Quarante-et-un cliniciens d’orientation psychodynamique (26 femmes, 15 hommes) ayant un minimum d'expérience en tant que thérapeute (moyenne = 56,1 mois, écart-type = 53,6; minimum = 4, maximum = 216) sont recrutés à Québec et à Montréal. Ils ont en moyenne 33,2 ans (écart-type = 8,6; minimum = 23, maximum = 56). Des 41 participants, 6 (15%) ont complété un baccalauréat, 28 (68%) une maîtrise et 6 (15%) un doctorat en psychologie, alors qu'un d'entre eux (2%) détient une maîtrise en sexologie. Au plan de l'occupation principale, 18 (44%) sont des étudiants, 21 (51%) sont des psychologues qui exercent en privé ou dans le secteur public et 2 (5%) sont des professeurs de psychologie à l'université.

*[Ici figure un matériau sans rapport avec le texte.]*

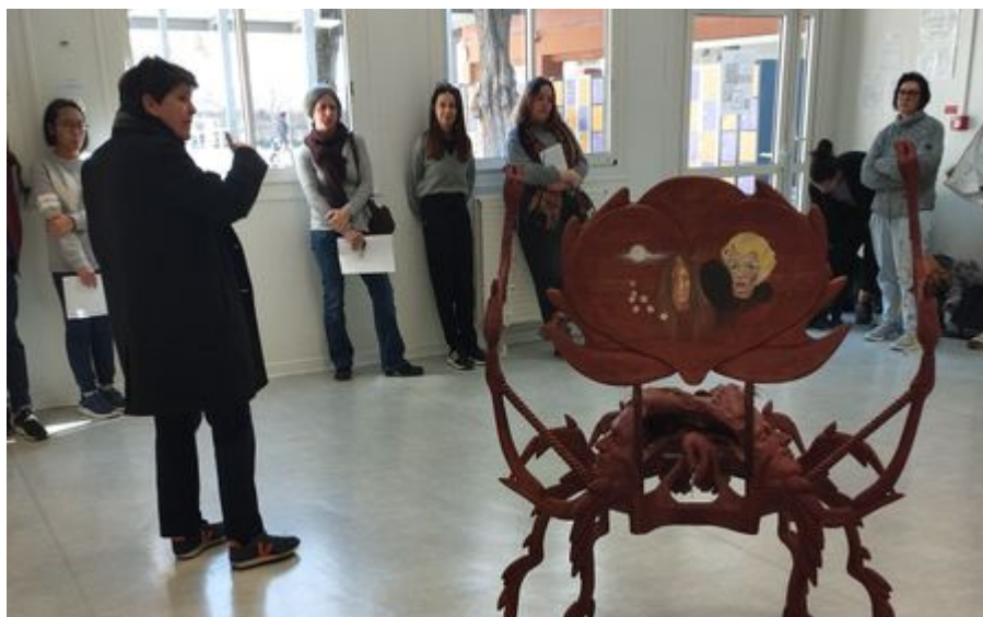
Vernissage de la dernière exposition à la galerie du collège

Dans les rares cas où la personne comprend l'allemand, elle est assignée à la

condition où cette qualité n'exerce aucune influence sur !'expérimentation, i.e. la condition écrite. Dans les autres cas, la répartition est faite au hasard.

10.5 Mesures

Les mesures dépendantes de la seconde expérimentation sont les mêmes que celles utilisées pour la première étude. La perception du transfert est évaluée à l’aide d’une adaptation française du " Core Conflictual Relationship Theme ” de Luborsky (CCRT; Luborsky & Crits-Christoph, 1990, 1998; voir annexe A). Le contre-transfert des participants est évalué au moyen d’un questionnaire construit à partir des tendances à l’action de Frijda (Frijda & al., 1989; voir annexe C). Enfin, la personnalité des participants est évaluée à l’aide d'une adaptation française du Bell Object Relations Inventory (Bell et al., 1986; voir annexe D). On peut se référer à la section 7.4 pour plus de détails.